For two days after the DEJEUNE at Mrs. Hunter's, the Pickwickians
remained at Eatanswill, anxiously awaiting the arrival of some
intelligence from their revered leader. Mr. Tupman and Mr.
Snodgrass were once again left to their own means of amusement;
for Mr. Winkle, in compliance with a most pressing invitation,
continued to reside at Mr. Pott's house, and to devote his time
to the companionship of his amiable lady. Nor was the occasional
society of Mr. Pott himself wanting to complete their felicity.
Deeply immersed in the intensity of his speculations for the
public weal and the destruction of the INDEPENDENT, it was not the
habit of that great man to descend from his mental pinnacle to
the humble level of ordinary minds. On this occasion, however,
and as if expressly in compliment to any follower of Mr.
Pickwick's, he unbent, relaxed, stepped down from his pedestal,
and walked upon the ground, benignly adapting his remarks to the
comprehension of the herd, and seeming in outward form, if not in
spirit, to be one of them.

Such having been the demeanour of this celebrated public
character towards Mr. Winkle, it will be readily imagined that
considerable surprise was depicted on the countenance of the
latter gentleman, when, as he was sitting alone in the breakfast-
room, the door was hastily thrown open, and as hastily closed,
on the entrance of Mr. Pott, who, stalking majestically towards
him, and thrusting aside his proffered hand, ground his teeth, as
if to put a sharper edge on what he was about to utter, and
exclaimed, in a saw-like voice--

'Serpent!'

'Sir!' exclaimed Mr. Winkle, starting from his chair.
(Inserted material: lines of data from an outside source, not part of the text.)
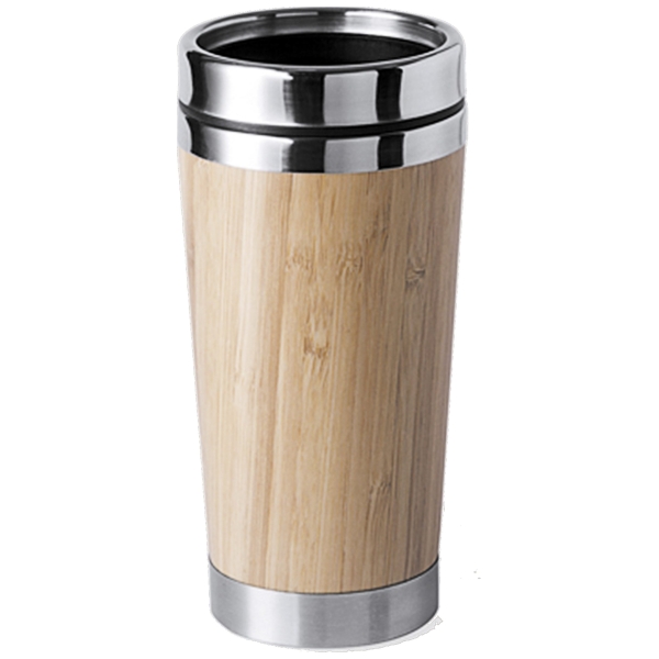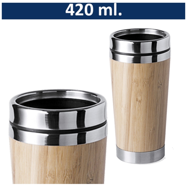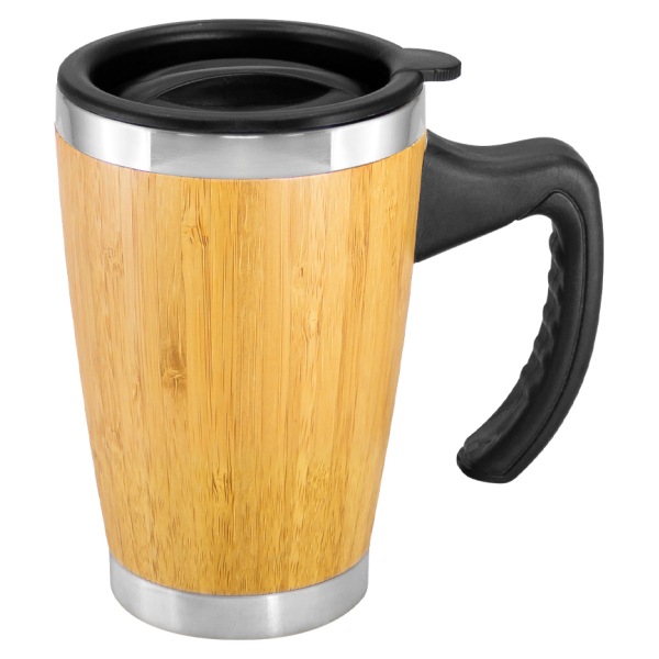 Mug de madera de Bamboo con asa plástica negra, interior de Acero Inoxidable. Tapa plástica negra con dosificador. Presentación en caja de cartón forrado natural.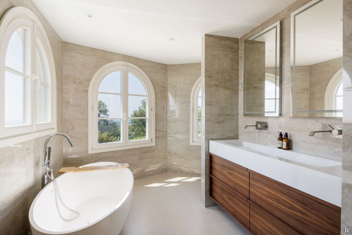 Outside, the villa is equally impressive, with a pool house, al fresco dining area, pétanque court, and gardens scented with lavender and olive trees, creating the perfect setting for relaxing days on the Riviera.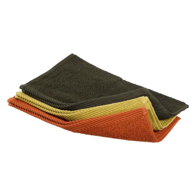 Üç farklı renkte basic el havlusu seti. Rahat asılabilmesi için bir kenarında kumaş askı yeri detayı bulunmaktadır.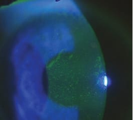 We referred the patient for a corneal consult to determine the feasibility of surgical intervention. In many cases this condition responds well to stem cell transplantation. The specialist recommended that we delay surgery, and that the patient discontinue all contact lens wear. We have seen significant regression of the pannus and improvement in the keratitis in the right eye. Unfortunately we have seen very little improvement in the left eye. This patient, an avid athlete, is able to wear high-Dk contact lenses on a very limited basis, only for practice and games. Ultimately our patient may require a limbal stem cell transplant.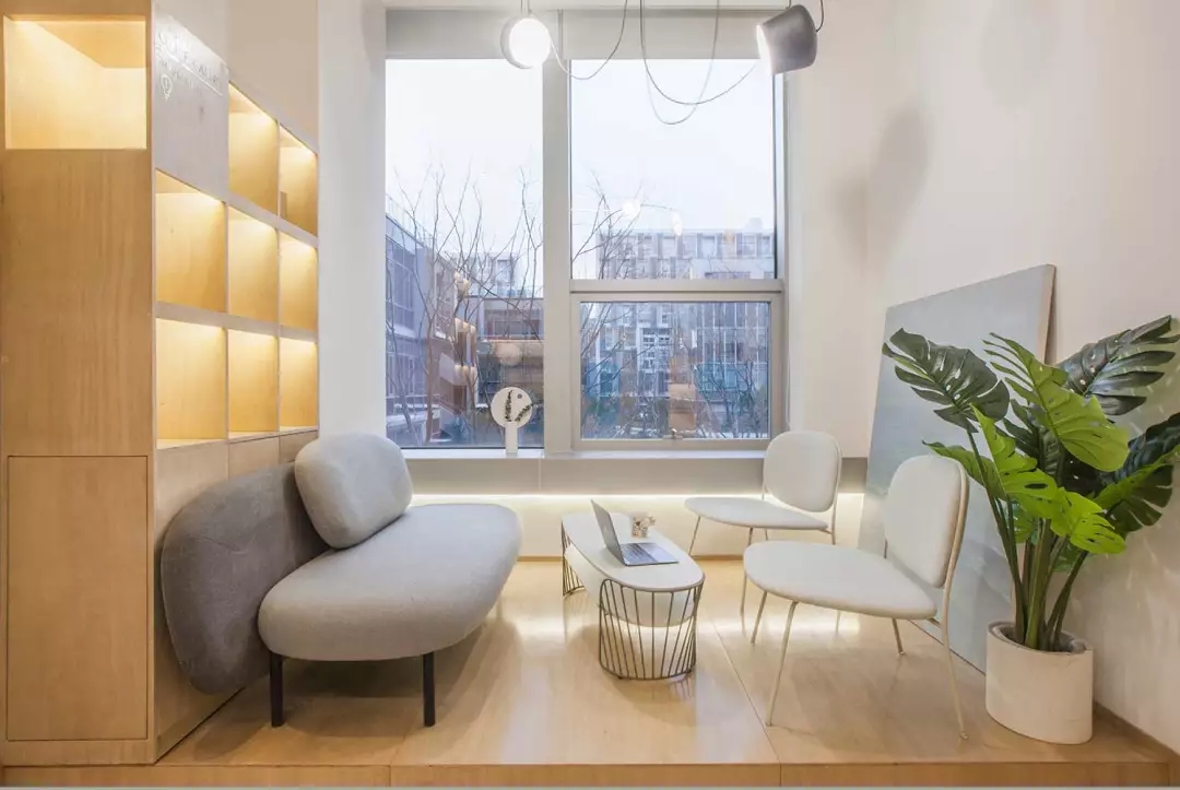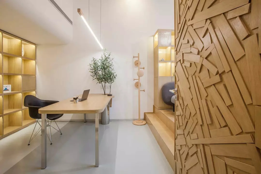 該項目位于上海市閔行區(qū)七寶萬科國際;我們希望工作室足夠的輕松、溫性、創(chuàng)意,于是通過顯性與隱性的符號對我們的目標進行構建;空間用了大量溫暖的木色,并組成木質的空間體塊,這些體塊以整個白色空間為背景,進行功能與空間節(jié)奏上的構筑: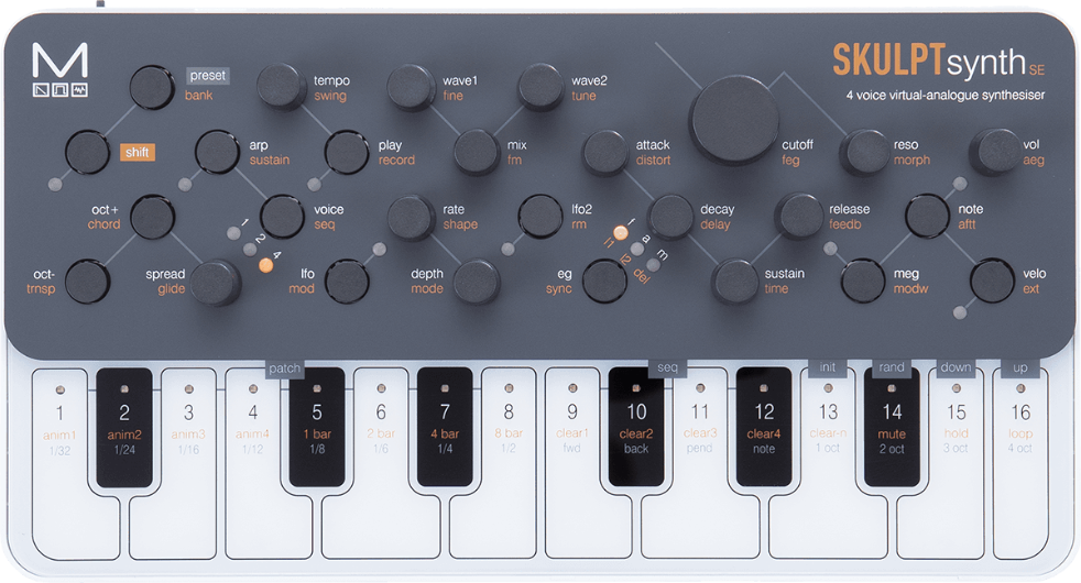 The SKULPTsynth SE is a powerful 4-voice, 32-oscillator synthesizer in an ultra-compact, portable format. A worthy successor to Modal Electronics' SKULPTsynthetiser, the Skuplt SE is the perfect toolbox for dance music producers, and packs the most coveted synth sounds to create techno, house or ambient tracks with ease!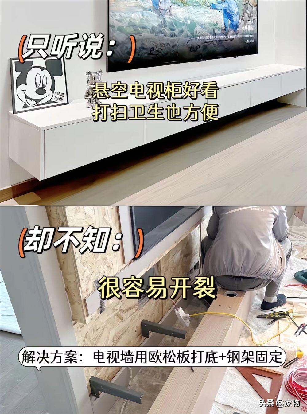 如果想裝懸空電視櫃,除了看牆體承重以外,還要去看安裝工藝,用歐松板打底+鋼架固定,才能保證穩固,很多人家裏的懸空電視櫃開裂掉落,往往也是工藝不過關的原因,能做落地還是做落地的吧。
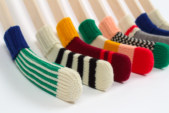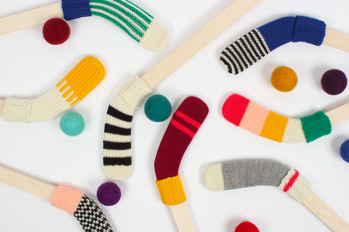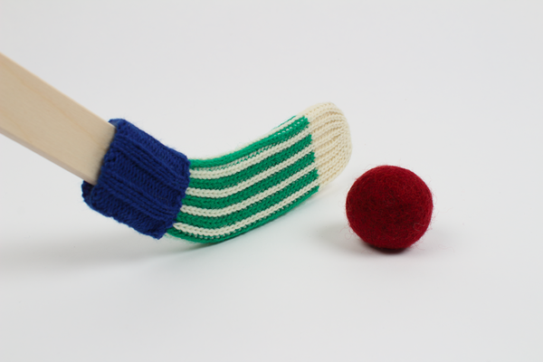 Dans un bas de laine coloré, avec une balle de feutre, ce bâton de hockey permet de jouer dans la maison ou dans la cour. Pour initier les bambins à notre sport national ou pour des joutes enlevantes, petits et grands auront beaucoup de plaisir à l’usage.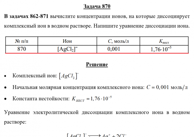 Задача 870 - вычислите концентрации ионов, на которые диссоциирует комплексный ион в водном растворе. Напишите уравнение диссоциации иона.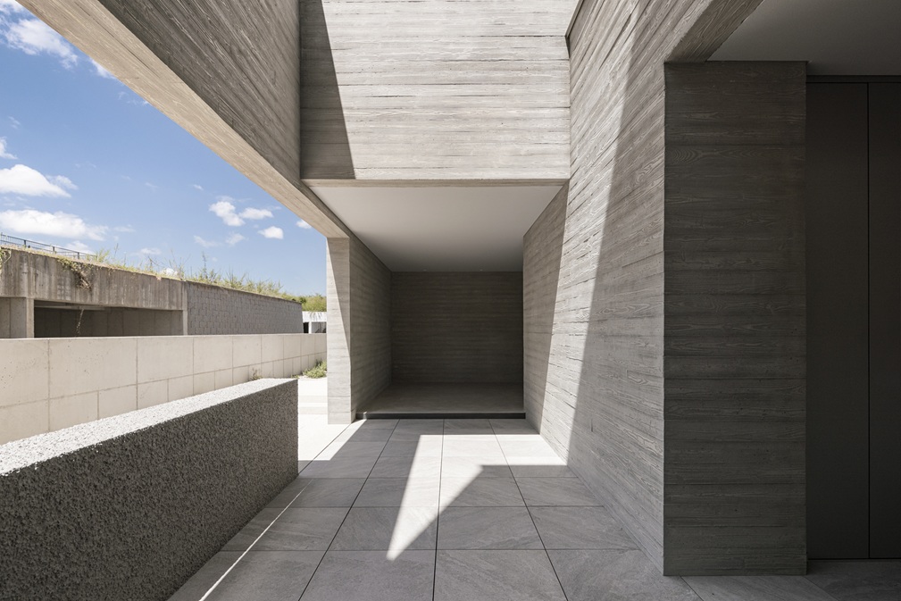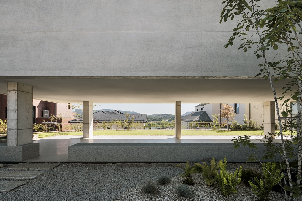 The long mass stretching along the river was lifted one level, with the primary living spaces arranged on the second floor. By positioning these spaces on the east side to maximize the river view and placing the auxiliary spaces along the west-facing roadside, the design results in an open façade to the east and a more closed one to the west. The lifted mass creates an open first floor, consisting of a spacious garden, entrance, tea room, and garage. Rather than using ornate forms or luxurious materials, the design was refined using humble materials, reflecting the calm flow of the Namhan River. The exposed concrete, though inherently cold, was poured against wooden planks attached to the formwork, imprinting a wood grain texture onto the surface to convey warmth.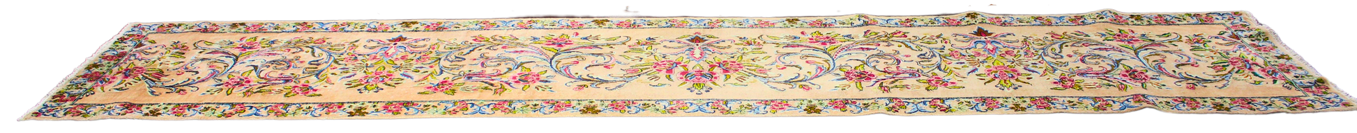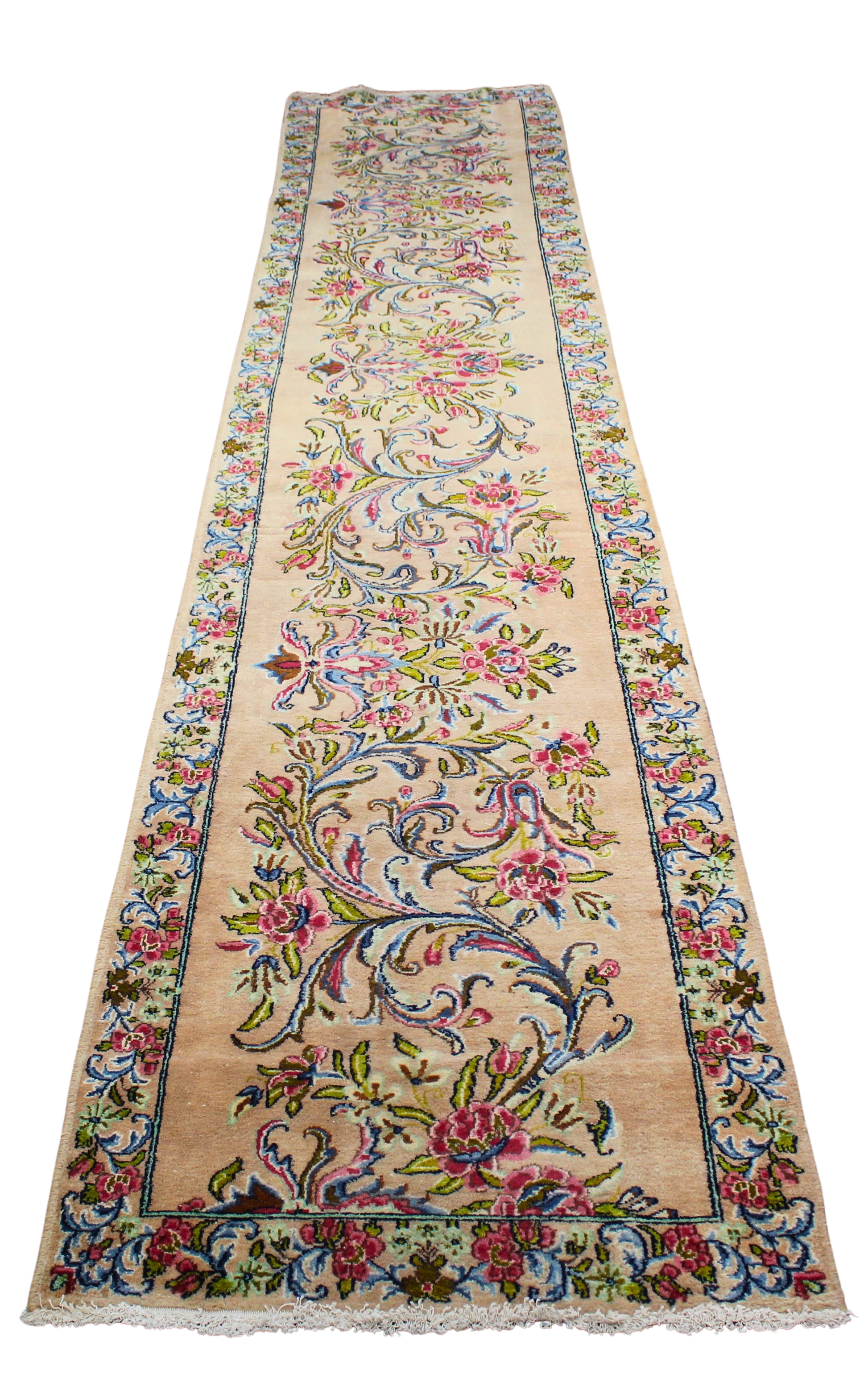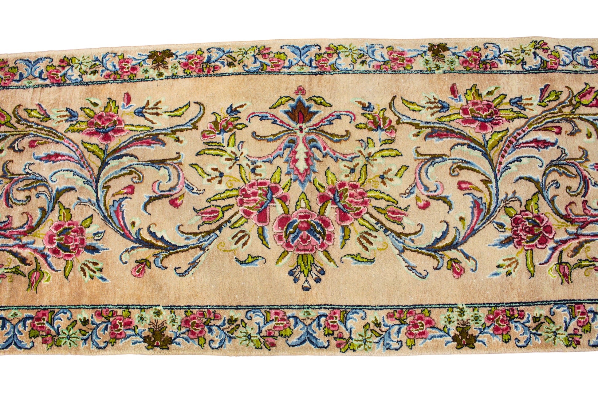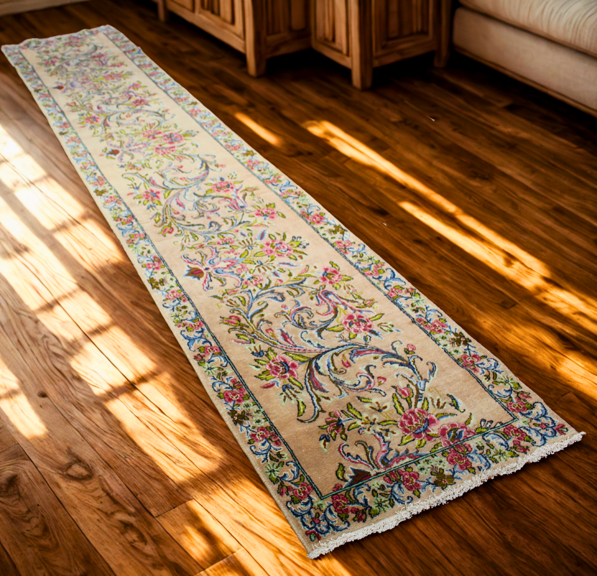 Delicate yet exuberant, this antique Persian Kerman runner (2.9 × 14.10 ft) is a floral masterpiece brimming with romance and refinement. The soft ivory ground serves as a luminous canvas for a garden of painterly roses, swirling vines, and blossoming palmettes — all rendered in vivid shades of ruby red, emerald green, cornflower blue, and golden saffron.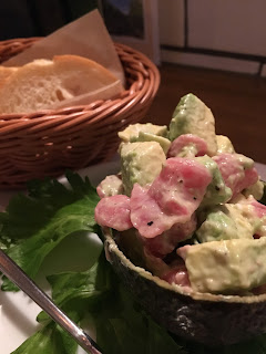 こちらは「中落ちマグロ」のアボカドタルタルソース和え。タルタルソースの酸味が、マグロとアボカドによく合いますね。これはお酒がすすみます。結構ボリュームもあります。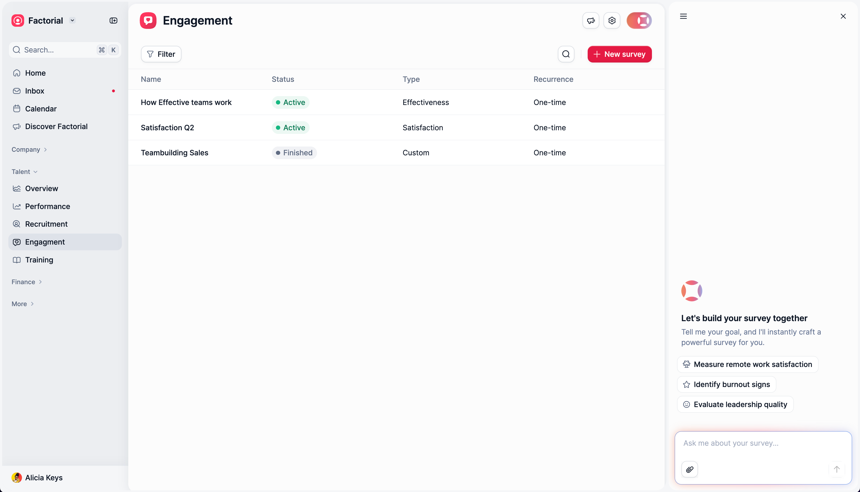 For example, at Factorial, when a user lands in the Engagement section, we don’t show generic AI options; we show suggestions directly relevant to engagement: survey templates, sentiment checks, and team pulse questions. The interface reads where you are and shapes what you might want to do there.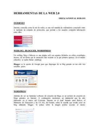 El documento describe varias herramientas web 2.0 como blogs, wikis, YouTube y Google Docs que permiten compartir información e ideas y colaborar en línea. También menciona herramientas para crear mapas mentales, cómics, presentaciones multimedia y convertir documentos sin necesidad de descargas.

'Serpent, Sir,' repeated Mr. Pott, raising his voice, and then
suddenly depressing it: 'I said, serpent, sir--make the most of it.'

When you have parted with a man at two o'clock in the
morning, on terms of the utmost good-fellowship, and he meets
you again, at half-past nine, and greets you as a serpent, it is not
unreasonable to conclude that something of an unpleasant
nature has occurred meanwhile. So Mr. Winkle thought. He
returned Mr. Pott's gaze of stone, and in compliance with that
gentleman's request, proceeded to make the most he could of the
'serpent.' The most, however, was nothing at all; so, after a
profound silence of some minutes' duration, he said,--

'Serpent, Sir! Serpent, Mr. Pott! What can you mean, Sir?--
this is pleasantry.'

'Pleasantry, sir!' exclaimed Pott, with a motion of the hand,
indicative of a strong desire to hurl the Britannia metal teapot at
the head of the visitor. 'Pleasantry, sir!--But--no, I will be calm;
I will be calm, Sir;' in proof of his calmness, Mr. Pott flung
himself into a chair, and foamed at the mouth.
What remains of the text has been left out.